2024-09-22 12:54:40,926 INFO mapreduce.Job: Job job_local1009338515_0001 running in uber mode : false
2024-09-22 12:54:40,928 INFO mapreduce.Job:  map 100% reduce 100%
2024-09-22 12:54:40,929 INFO mapreduce.Job: Job job_local1009338515_0001 completed successfully
2024-09-22 12:54:40,936 INFO mapreduce.Job: Counters: 30
	File System Counters
		FILE: Number of bytes read=846793
		FILE: Number of bytes written=3029614
		FILE: Number of read operations=0
		FILE: Number of large read operations=0
		FILE: Number of write operations=0
	Map-Reduce Framework
		Map input records=2
		Map output records=7
		Map output bytes=80
		Map output materialized bytes=106
		Input split bytes=264
		Combine input records=7
		Combine output records=7
		Reduce input groups=7
		Reduce shuffle bytes=106
		Reduce input records=7
		Reduce output records=7
		Spilled Records=14
		Shuffled Maps =2
		Failed Shuffles=0
		Merged Map outputs=2
		GC time elapsed (ms)=4
		Total committed heap usage (bytes)=663748608
	Shuffle Errors
		BAD_ID=0
		CONNECTION=0
		IO_ERROR=0
		WRONG_LENGTH=0
		WRONG_MAP=0
		WRONG_REDUCE=0
	File Input Format Counters 
		Bytes Read=52
	File Output Format Counters 
		Bytes Written=78

Once the MapReduce job is over, the part-r-00000 text file will be created in the output directory, containing the words and their count of occurrences:

hadoop dfs -cat /output/part-r-00000

Here’s the content of the file:

Apache	1
Hadoop	1
Introduction	1
Job	1
MapReduce	1
Running	1
to	1

Similarly, we can check out other examples like TerraSort to perform large-scale sorting of data, RandomTextWriter to generate random text data useful for benchmarking and testing, and Grep to search for matching strings in the input file available in the hadoop-mapreduce-examples-3.4.0 jar file.

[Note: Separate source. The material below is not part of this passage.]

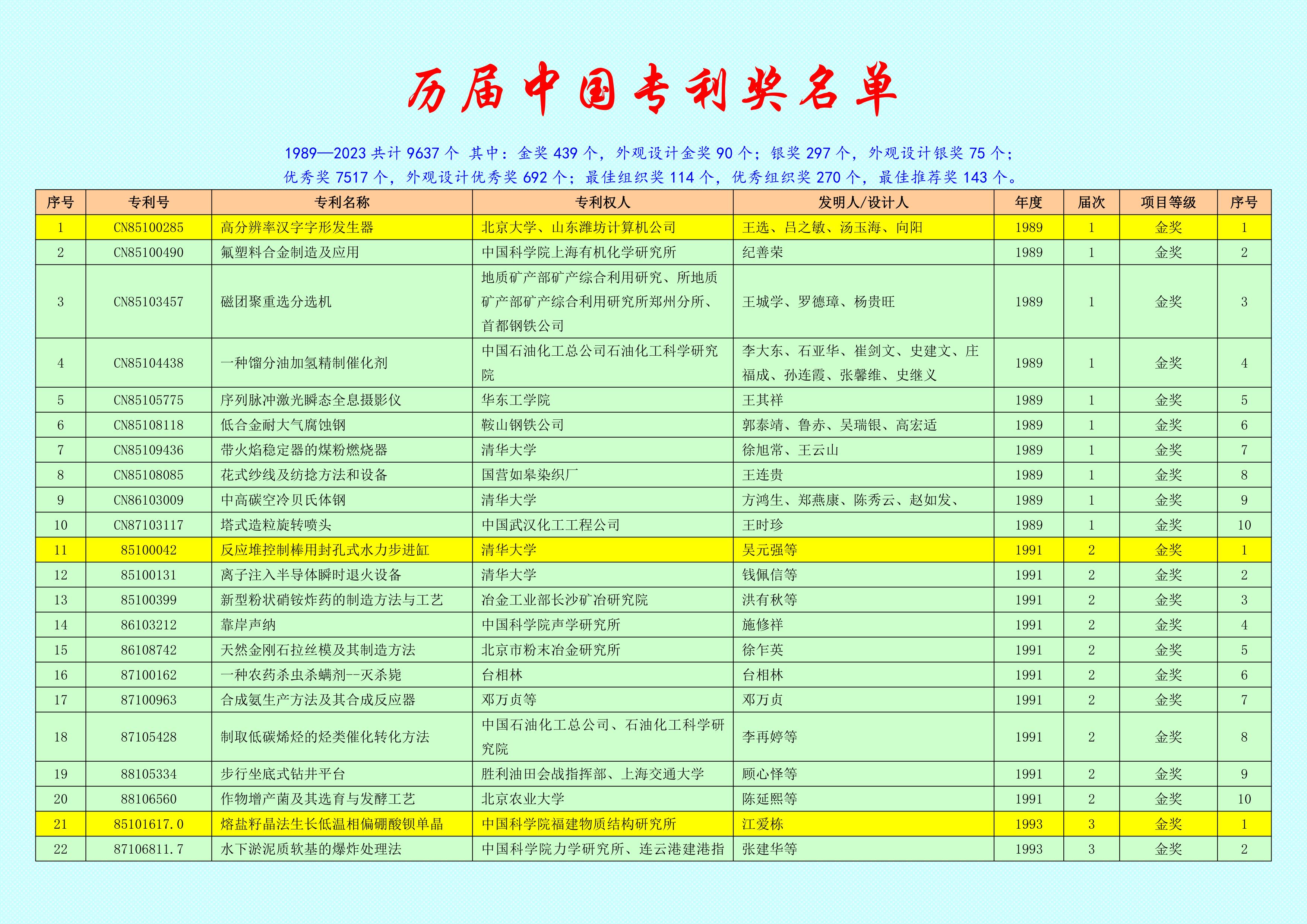 这是全国第一个以一张表汇总的第一份中国专利奖历经34年的成就!可以说,这是一件善莫大焉的好事,而这件事只有我来做!

5.3. Manage Services on YARN

Now, let’s see a few operations to manage services on Hadoop. For instance, here’s the command to check the node status:

yarn node -list

Similarly, we can list all running applications:

yarn application -list

Here’s how we can deploy a service:

yarn deploy service service_definition.json

Likewise, we can launch an already registered service:

yarn app -launch service_name

Then, we can start, stop, and destroy the service respectively:

yarn app -start service_name
yarn app -stop service_name
yarn app -destroy service_name

Also, there are useful YARN administrative commands like daemonlog to check the daemon log, nodemanager to start a node manager, proxyserver to start the web proxy server, and timelineserver to start the timeline server.

6. Hadoop Ecosystem

Hadoop stores and processes large datasets, and needs supporting tools for tasks like ingestion, analysis, and data extraction. Let’s list down some important tools within the Hadoop ecosystem:

  • Apache Ambari: a web-based cluster management tool that simplifies deployment, management, and monitoring of Hadoop clusters
  • Apache HBase: a distributed, column-oriented database for real-time applications
  • Apache Hive: a data warehouse infrastructure that allows SQL-like queries to manage and analyze large datasets
  • Apache Pig: a high-level scripting language for easy implementation of data analysis tasks
  • Apache Spark: a cluster computing framework for batch processing, streaming, and machine learning
  • Apache ZooKeeper: a service that provides reliable, high-performance, and distributed coordination services for large-scale distributed systems

7. Conclusion

In this article, we explored Apache Hadoop, a framework offering scalable and efficient solutions for managing and processing Big Data – essential in today’s data-driven world.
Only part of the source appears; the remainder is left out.